For PDF and Word reports:

pip install openpkflow[reports]

For ML surrogate (torch):

pip install openpkflow[ml]

Quick example

from openpkflow.dissolution import f1, f2

reference = [20.0, 40.0, 60.0, 80.0, 90.0]
test      = [21.0, 39.0, 61.0, 79.0, 88.0]

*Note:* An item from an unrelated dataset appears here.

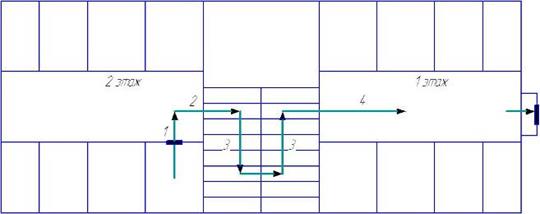 Протяженность путей эвакуации для общественных и жилых зданий предусматривается, как расстояние от дверей наиболее удаленного помещения до выхода наружу или в лестничную клетку с выходом наружу непосредственно или через вестибюль. Обычно при назначении величины предельного удаления учитываются назначение здания и степеньогнестойкости. Согласно СНиП П-Л.2–62 «Общественные здания», протяженность путей эвакуации до выхода в лестничную клетку незначительна и удовлетворяет требованиям безопасности.
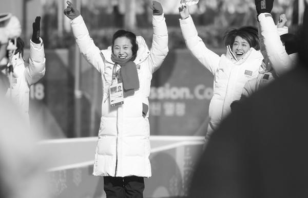 2月7日,中国短道速滑队总教练李琰(左)、中国速度滑冰队员于静(右)在现场参与互动舞蹈。

print(f"f1 = {f1(reference, test):.2f}")   # 1.33
print(f"f2 = {f2(reference, test):.2f}")   # 72.80

See the Tutorials section for complete worked examples.


Philosophy

OpenPKFlow is report-first: every analysis ends in a clean, shareable output — HTML, PDF, or Word — suitable for supervisors, clients, CROs, and regulatory teams. Calculation correctness is necessary but not sufficient.

This package is open-source. Final regulatory interpretation should be reviewed by qualified formulation, pharmacokinetic, and regulatory experts.